If the "Average expression vectors" option is selected, all the data for all reporters (clone, oligo, etc.) included in each synthetic gene definition will be averaged together to produce a single, new expression vector for each synthetic gene selected. Before averaging, you must also decide whether to retain all original data, discard all original data, or discard any reporter included in a synthetic gene. The averaged synthetic gene vectors will be added to the .pcl file, original vectors will be removed according to your selection, and the .pcl file may then be filtered and/or clustered.

The resulting averaged synthetic gene can be composed of a variable number of component expression vectors. If you wish to constrain the resulting file to those vectors composed by a minimum number of precursor components, select the checkbox "averaged vector must be composed of >= N constituent expression vectors (a minimum threshold for reliability)", where N is the minimumj number of conponent vectors required. This feature is primarily for those array designs where each composite sequence (i.e. ORF orr a "gene") is represented by multiple distinct reporters on the array.

Adding synthetic gene annotations to data

If the "Add synthetic gene annotations" option is selected, the data in your .pcl file will not be altered, but the annotation for each row will be changed. The name (or annotation, if any) for each selected synthetic gene to which the reporter belongs will be prepended to the existing annotation.
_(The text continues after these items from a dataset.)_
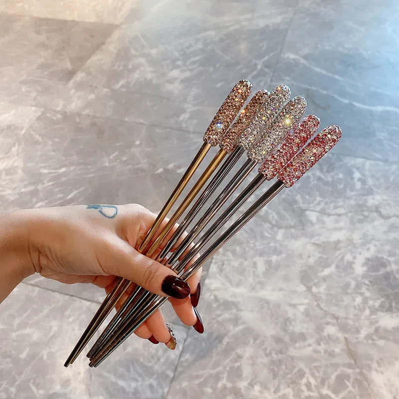 Color Classification: A pair of diamond-studded golden chopsticks, a pair of diamond-studded white chopsticks, a pair of diamond-studded red
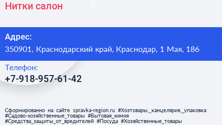 Нитки, салон по адресу 350901, Краснодарский край, Краснодар, 1 Мая, 186 в дальнейшем Организация, размещена в следующих категориях:
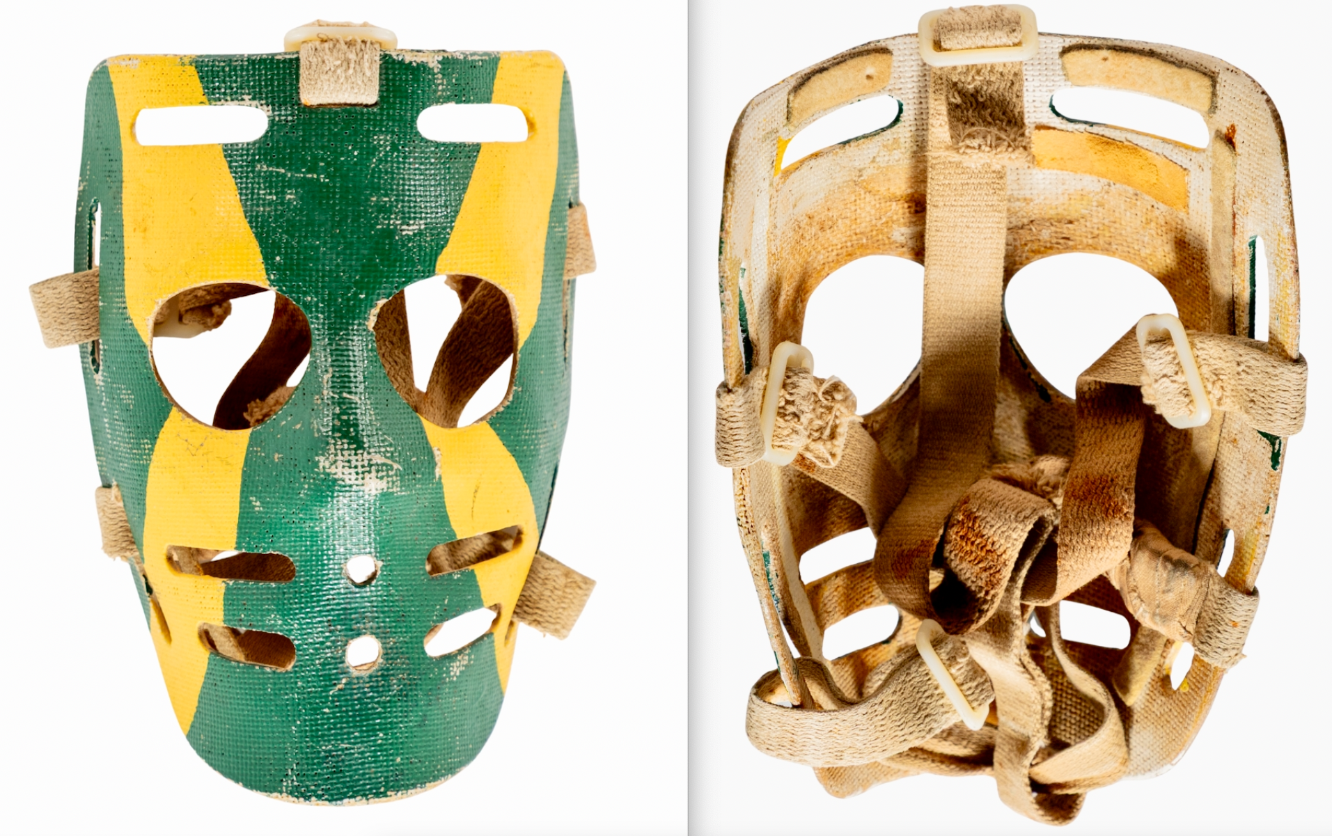 Ross "Lefty" Wilson was a early mask maker for goaltenders. Terry Sawchuk was the 1st NHL goalie to wear his mask. Cesare Maniago, Roy Edwards were also a NHL goalies who wore his masks.
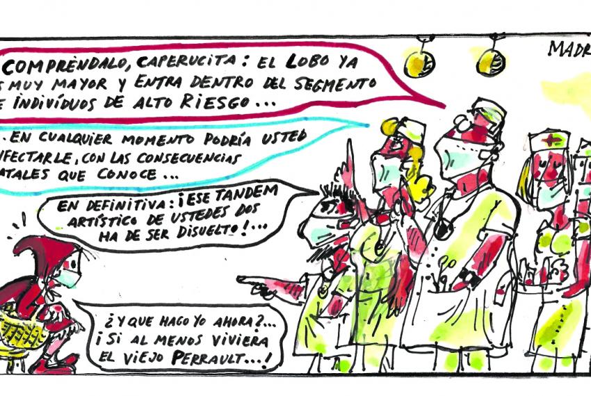 Mientras los personajes de gran relieve se dedicaban a discutir, que era lo suyo, empleando el vocabulario de moda que tan felices los hacía, el rebaño de viejecitos seniles y ancianos decrépitos balaba a la puerta de la asamblea, arremangado uno de sus brazos sarmentosos, para que les vacunasen; los irresponsables se burlaban de ellos sin respetar la distancia social ni usar mascarilla, dedicándose fiestas ilegales. Y el virus seguía pasándoselo en grande inventándose ora la cepa británica, ora la cepa norteafricana, ora la variante brasileña.

Optionally, you may un-select the "Retain original annotations" option, in which case any annotations present in the file before this operation will be discarded.

Defining your own synthetic genes

Any genelist may be used as a synthetic gene. It must include identifiers (clone IDs, systematic names, etc.) that are included in the .pcl file to be collapsed. Thus, only genelists of type "NAME" are allowed, and data must be retrieved without the "include UIDs" option. The genelist should contain a header row, with the column names "NAME" and "WEIGHT" (other columns will be ignored). If there is no header row, it will be assumed that the first column contains IDs, and the second contains weights. Weights must be numbers between -1 and 1, inclusive, excluding zero. Anything else will be interpreted as 1. (So if your genelists contain annotations in the second column, the annotations will be ignored and all weights will be set to 1.) The genelist filename will be used for the name/annotation of the synthetic gene.